* _What you have to do_:
Copy out the data exactly, leaving the pictures behind.

* _Input data_:
────
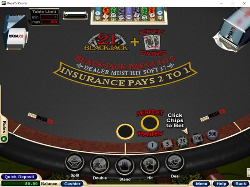 についての詳細情報 Mega7's Casino's Blackjack with Perfect Pairs
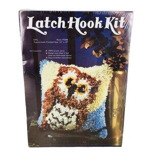 Vintage 70s Sew Simple Owl Pillow Latch Hook Kit Beginner Style #T508 Sealed NEW
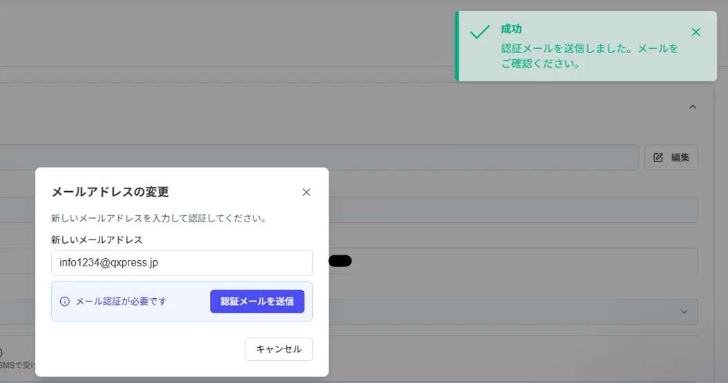 認証メールの送信後の成功と表示されても、変更は完了しておりません。
────
* _Solution for this exercise_:
 についての詳細情報 Mega7's Casino's Blackjack with Perfect Pairs
 Vintage 70s Sew Simple Owl Pillow Latch Hook Kit Beginner Style #T508 Sealed NEW
 認証メールの送信後の成功と表示されても、変更は完了しておりません。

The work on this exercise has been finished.